Мы все проживаем одно и то же, даже если сами того не замечаем

 

Для меня потому так важен пример мистиков, что у них выходит на свет и становится ясно виден «механизм», который я вам описал. Это потрясающее подтверждение того богословия, которые мы находим в ранней церкви, на самой заре христианства. И даже в жизни мистиков механизм этот действует столь явственно, что, вместе с современным им богословием, они уже начинают и сами его осознавать и выражать.

Но это еще не все. Я не верю, что святые сделаны «из другого теста», более «качественного», чем мы с вами. Их случай не так уж и отличен от нашего. Просто это как бы укрупнение всего того, что и мы проживаем. Их жизни оказываются чем‑то вроде лупы, через которую удобно рассматривать наши. Но проживаемая ими тайна принадлежит и нам. Во‑первых, хотя бы потому, что мы живем уже не без их помощи, и не так уж важно, жили ли они сами в миру, как мы, или в монастыре, или вообще были затворниками. Во‑вторых, потому что в голограмме мы все друг с другом связаны одним общим движением. Индивидуальное спасение просто невозможно. Спасти нужно все целое голограммы, и мы должны в этом принять участие. Усилия каждого из нас значимы для всех.

Кюре из Арса прекрасно это понял. Вот почему он иногда отказывался исцелять некоторых больных, когда видел, что они настолько великодушны, что могут понести свои страдания: «Не нужно снимать крест с тех плеч, которые так хорошо умеют его нести, – объяснил он однажды. – Нужно все видеть в Боге»[440]. Аббат Монен донес до нас рассказ одного из тех, кто получил такой отказ от кюре из Арса, при том что сам кюре был тогда уже при смерти: «Один из тех людей, у кого было право приближаться к больному, подошел, сложив на груди руки в умоляющей позе, и просил умолить Господа исцелить его.

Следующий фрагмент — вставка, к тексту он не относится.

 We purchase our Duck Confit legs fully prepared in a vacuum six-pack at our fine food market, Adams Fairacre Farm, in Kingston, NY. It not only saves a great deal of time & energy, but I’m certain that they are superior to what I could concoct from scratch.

Кюре задержался на нем своим глубоким и сияющим взглядом и без слов, жестом показал: нет»[441].

Это ведь жуткая сцена. Мы тут оказываемся сразу в сердцевине нашей тайны. Очевидно, кюре из Арса двигало тут вовсе не отсутствие любви. Просто он знает, что то, что не понесет этот человек, придется нести за него кому‑то другому; нести, может быть, за него, может быть, за себя, может быть, за кого‑то еще. В этой модели голограммы или матрешки нам лично уже ничего не принадлежит. Другие несут мои испытания и искушения за меня, вместе со мной. Но мои ли они, эти испытания и искушения? Мы видели, как удивилась св. Анжела из Фолиньо, когда обнаружила, что ее обуревают искушения, вообще не соответствующие ее характеру. Но если даже наши нашему темпераменту вполне соответствуют, то кто выбрал для нас именно такой характер или темперамент? Мы просто получили его как часть нашей человеческой природы. Он настолько прилип нам, что порой кажется, потеряй мы его, мы уже не будем самими собой. И все же!

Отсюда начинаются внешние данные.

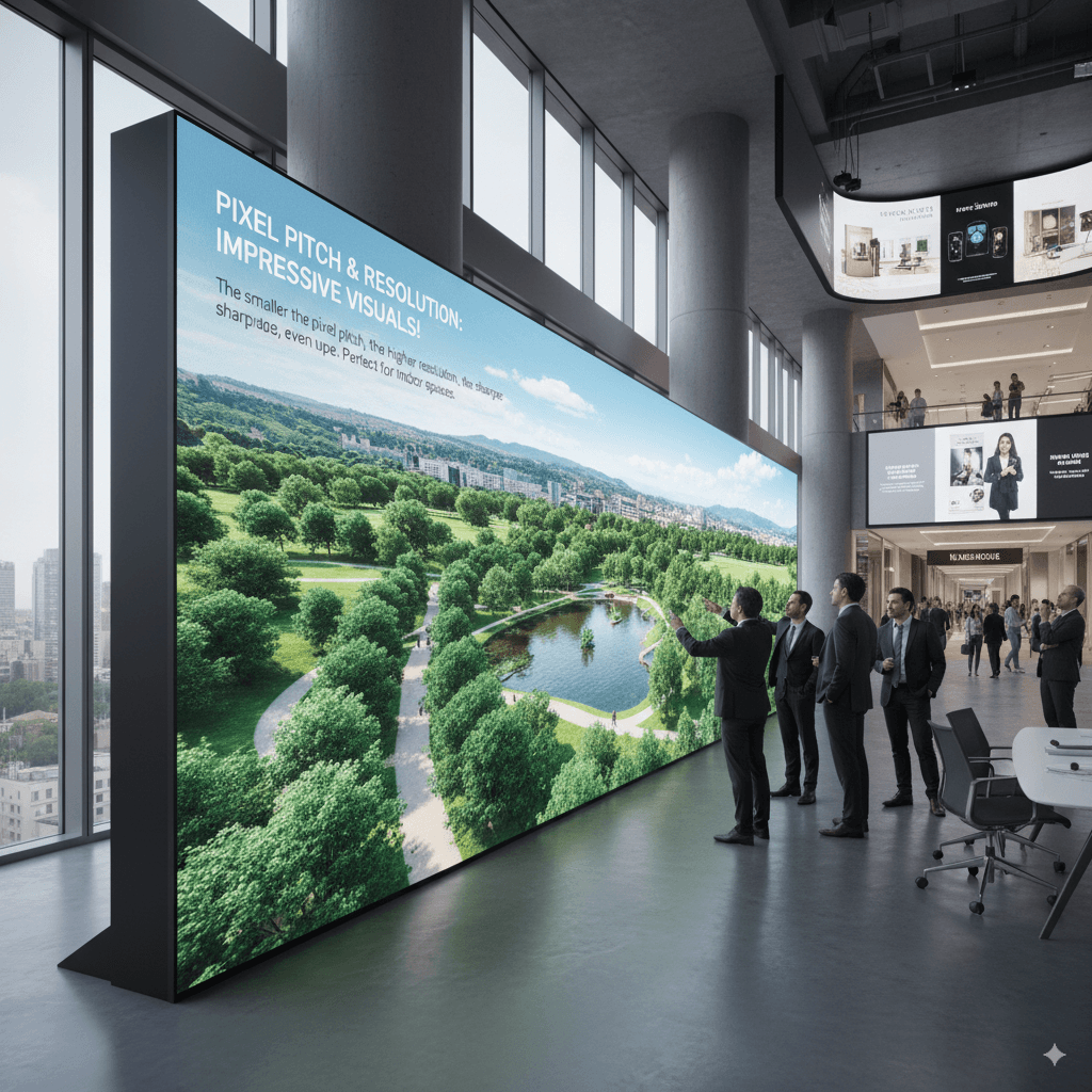 Pixel Pitch y Resolución: ¿Clidad que impresiona? Todo depende del pixel pitch. Cuanto más pequeño es, mayor es la resolución y más nítida se ve la imagen, incluso de cerca. Perfecto para interiores como oficinas en Barcelona o centros comerciales en Ciudad de México.

Я думаю, что нам придется постепенно принять совершенно новую, а для кого‑то просто шокирующую концепцию человечества. Я вполне понимаю, что она может вызвать у кого‑то категорическое несогласие. И все же, мне кажется, что все к этому идет.

Одной монахине, тоже великому мистику, на ее жалобу, что она не испытывает давно уже жара молитвы, Христос ответил: «Когда я оставляю тебя в этом душевном холоде, это лишь значит, что Я отдал твой жар, чтобы согреть им кого‑то еще»[442].

 

 

Глава XII. В поисках точек соприкосновения

 

Та богословская линия, которую я пытаюсь прочертить в этой книге, хотя и глубоко традиционна по своей сути, все же при этом все еще почти неизвестна на Западе, да и на православном Востоке она тоже не получила нужной степени развития. Но, если отвлечься от богословия как от теории, то я думаю, что тайна Бога, пришедшего к нам и ставшего одним из нас, скрыта именно здесь. И именно об этом я и хотел вам рассказать. Ведь эту тайну мы все как раз и проживаем, и христиане, и не христиане, даже если сами не подозреваем об этом.

Но не стоит надеяться на то, что мыслители других традиций, не столкнувшиеся с безумной вестью о Воплотившемся Боге, смогут прикоснуться к самым глубинам этой тайны. Будет уже чудом, если мы сможем угадать в их размышлениях хотя бы какие‑то предчувствия и предвидения.

 

В исламе

 

У многих исламских мистиков мы находим то же чувство глубокого единства всего человеческого рода. Например, у Фаридуддина Аттора, знаменитого персидского поэта XII‑го века[443]. В одном из самых знаменитых своих произведений, о котором я скажу еще чуть позже, он так описывает «долину единства»: «Хотя ты видишь великое множество людей, на самом деле их совсем немного; да что я говорю? Всего‑то один человек. Поскольку все это количество людей сводится в итоге к одному, то этот человек полон в своем единстве»[444].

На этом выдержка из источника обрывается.